Hammer to fall in February instead?
While December's decision looks to be a foregone conclusion (although shocks do happen), attention will likely be on the accompanying statement for indicators about future rate hikes.
Mr Aird says Michele Bullock has arguably increased the "hawkish rhetoric" since the November decision, but that this could also be to justify the November hike rather than signaling the intent to be more heavy handed with monetary policy tightening.
He said Ms Bullock might be deliberately overstating the likelihood of further rate hikes.
"We also think that the Governor is trying to ‘jawbone’ to the household sector to elicit a greater behavioural response to the November rate increase," he said.
For NAB economist Tapas Strickland however, who called the November rate hike well in advance, a 25 bps increase in February continues to be the likeliest outcome.
"[We] still see [the RBA] hiking again in February given domestic price pressures which should again be evident in the Q4 CPI data on 31 January 2024," he said on Friday.
While monthly inflation for October was a slight downside surprise, economists are genuinely reluctant to take much notice of what Luci Ellis, Chief Economist at Westpac, calls the 'noisy' monthly figures.
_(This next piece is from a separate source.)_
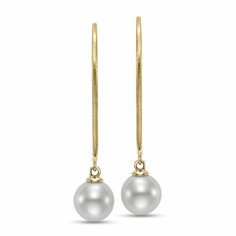 9mm Pearl & Brushed Gold Drop Earrings
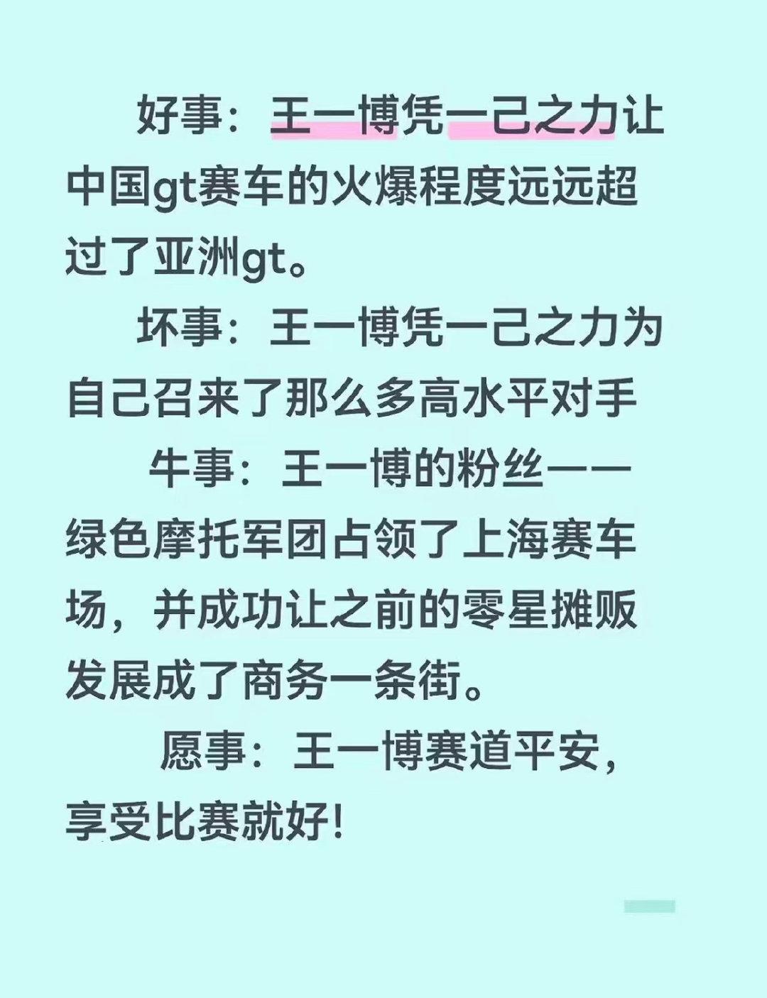 赞助自己拉,对手自己摇,观众自己带。还给自己招来了高手如云的对手,你真棒!五万人是场地的极限,绝不是摩托姐姐的极限!们以后线下活动万人参与请参考王一博!哈哈哈哈果然,能卷王一博的只有王一博自己![笑哭][笑哭][赞][赞]💚💚王一博又进步了

"Neither the RBA nor Westpac take full signal from a single monthly reading," Ms Ellis said.
"Some of the biggest downside misses, such as for holiday travel, could reverse out.
"Moreover, most of the services components, which have been such a source of concern to the RBA, are not included in the first month of the quarter.
"We will not know how these are tracking until the November and December releases."
Ms Ellis and Westpac expect a February rate hike if there are further upside surprises to inflation in the quarter-four CPI reading - to be released 31 January 2024 - or if fresh evidence emerges that inflation will decline more slowly than forecast.